Rush summed it up last week:
“Remember Ronaldus Magnus talking about the shining city on a hill. Well, there is no shining city on a hill without domestic oil, coal, gas, and nuclear power. There is no shining city on a hill with windmills and solar panels and compact fluorescents and hybrids and ethanol. That has never equaled a shining city on a hill, and it won't. The Democrats have turned the dimmers on in the shining city on a hill. The Democrats would prefer a blackout in the shining city on a hill.”
Shorter Rush: "Conservation is for pussies. Liberals hate America."
I've come to believe that this steady diet of crap from the MSM and talk radio has, in essence, caused national brain damage. My colleagues and neighbors who wallow in this stuff now see the world purely in ideological terms. Reality, mathematics, etc. are irrelevant. These are the morons who will, when TSHTF, turn to the "new Hitler" for answers.
Posted by: montysano | July 14, 2008 at 11:22 AM
@ Peakoilmom: Don't know if this is the fastest way to get to the end of a long blog, but this works for me. Go to the comments section of the blog that you want, then go to the bottom of the first page and hit the "double arrow" thing to go to page 2. If you then look in the URL line of the browser, the thing that starts with http://james... you will see the number 2 by itself near the end indicating that you are on page #2. If you change that 2 to a big number, say 200, and hit return, the blog software will take you to the last page.
RT
Posted by: Rubber Toe | July 14, 2008 at 11:32 AM
«The American financial system is now considered a gangster organization.»
By whom, Consultant? As far as I can see, the prime players are going along with the bailout, perhaps hoping they can get most of their money out. But… like I said last week: all that "money" was created out of thin air, and back to thin air it's going. Nobody has really lost anything except points in a game. That's why they're called "players."
Now lest anyone think I'm saying the consumers get off scot-free, they haven't. Their jobs (source of income) have gone to Mexico or China. The real money they've put into the system (via houses, primarily) is no longer liquid, and it's the bulk of their assets. The players haven't lost anything significant by comparison.

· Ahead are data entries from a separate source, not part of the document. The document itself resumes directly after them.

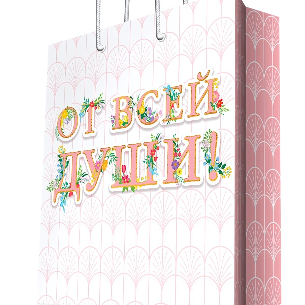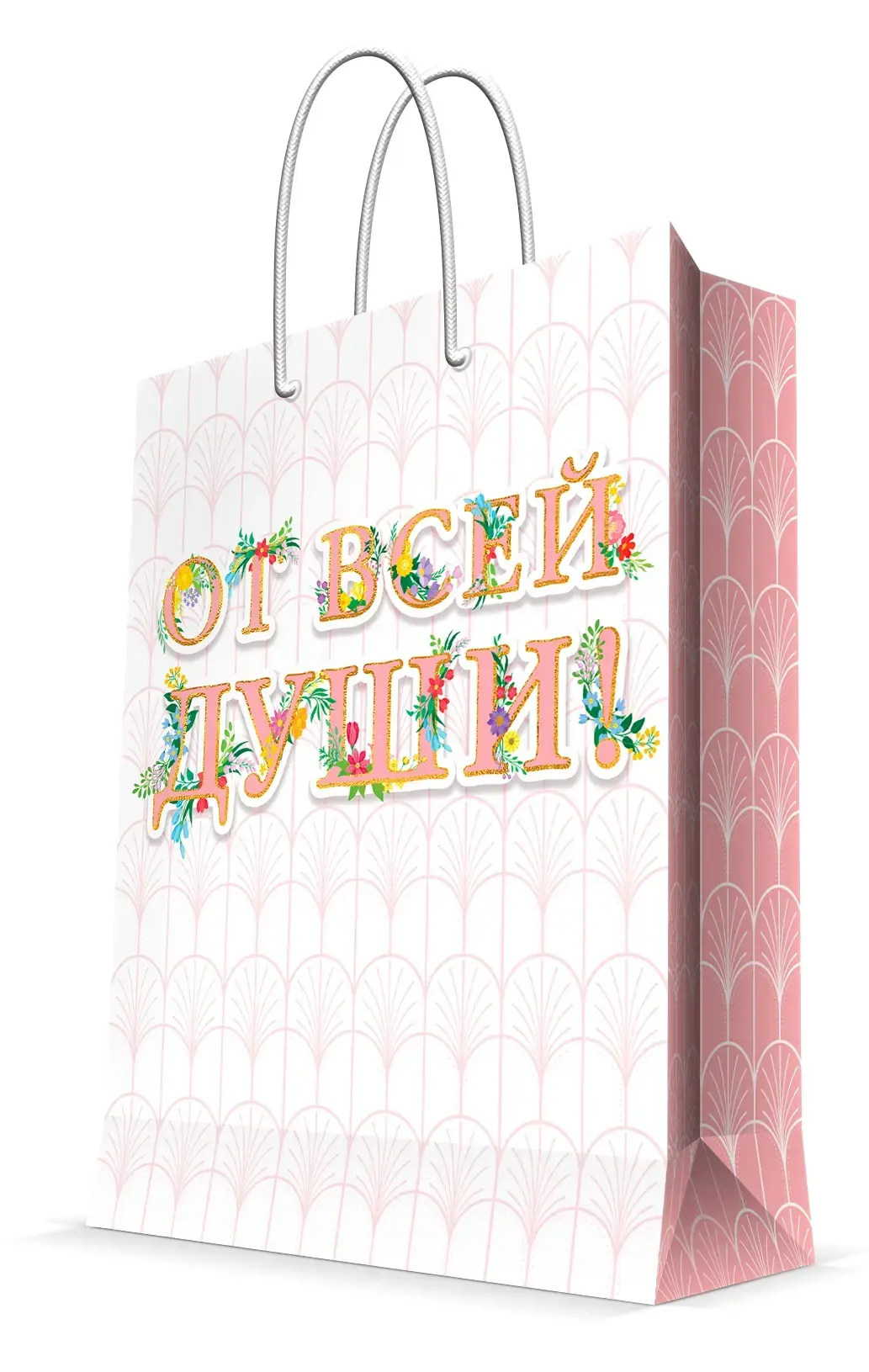 Пакет подходит для упаковки подарков на дни рождения, свадьбы, праздники и другие важные события. Его объемная форма и прочные ручки из металлической проволоки, обернутые в бумагу, обеспечивают удобство при переноске. Яркий дизайн с текстом «от всей души!» и цветочными элементами делает его привлекательным и запоминающимся.
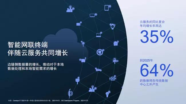 同时,5G还与人工智能、云等加速融合,更多终端可实时连接至云端,加快行业数字化转型。预测数据显示,到2025年,64%的数据将在传统数据中心之外产生,意味着对本地数据处理和智能应用的需求将进一步增长,智能网联终端正迎来广阔的机遇。高通在移动领域具有领先优势,正利用面向移动和智能网联边缘的关键技术,包括AI、影像、图形、处理、连接等等,为各类终端设备赋能。
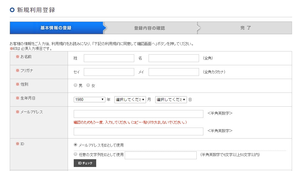 選擇利用登録はこちら註冊帳號
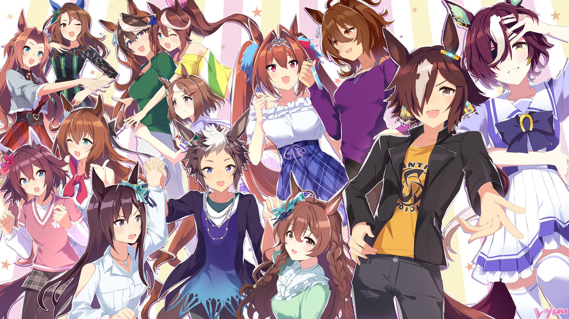 6+girls agnes_tachyon_(casual)_(umamusume) agnes_tachyon_(umamusume) ahoge animal_ears aqua_eyes bare_shoulders black_pantyhose blonde_hair blue_eyes bow braid breasts brown_hair daiwa_scarlet_(casual)_(umamusume) daiwa_scarlet_(umamusume) ear_bow ear_covers earrings flower green_skirt hair_between_eyes hair_flower hair_intakes hair_ornament hair_over_one_eye hairclip highres holding_hands horse_ears horse_girl horse_tail jewelry kawakami_princess_(casual)_(umamusume) kawakami_princess_(umamusume) king_halo_(casual)_(umamusume) king_halo_(umamusume) large_breasts long_hair long_sleeves looking_at_viewer maruzensky_(casual)_(umamusume) maruzensky_(umamusume) mejiro_bright_(casual)_(umamusume) mejiro_bright_(umamusume) mejiro_dober_(casual)_(umamusume) mejiro_dober_(umamusume) mejiro_ryan_(casual)_(umamusume) mejiro_ryan_(umamusume) multicolored_hair multiple_girls necklace official_alternate_costume one_eye_closed open_mouth outstretched_arm pantyhose purple_eyes purple_serafuku red_eyes ryuu_(ryuraconis) sakura_chiyono_o_(casual)_(umamusume) sakura_chiyono_o_(umamusume) school_uniform serafuku shirt single_earring skirt smile streaked_hair striped_clothes striped_shirt symboli_rudolf_(casual)_(umamusume) symboli_rudolf_(umamusume) tail tanino_gimlet_(umamusume) thighhighs tokai_teio_(casual)_(umamusume) tokai_teio_(umamusume) tracen_school_uniform tsurumaru_tsuyoshi_(umamusume) two_side_up umamusume very_long_hair vodka_(casual)_(umamusume) vodka_(umamusume) white_background white_thighhighs

«they gotta buy the bad bread to survive.it's either glue flavored bread, or a tank of gas to work long hours, in order to buy (you guessed it).another loaf of glue flavored bread.»
PillowTick, it's pretty easy to make bread. The price per loaf is about the same as the glue-flavored stuff, but the quality is premium. I kind of locked-in my per-loaf price a few months back by buying about 40 pounds of flour & stashing it in the freezer. Use whatever local sugar source you have — honey, molasses, and sorghum syrup all make good bread. Even light corn syrup works if you don't have anything else.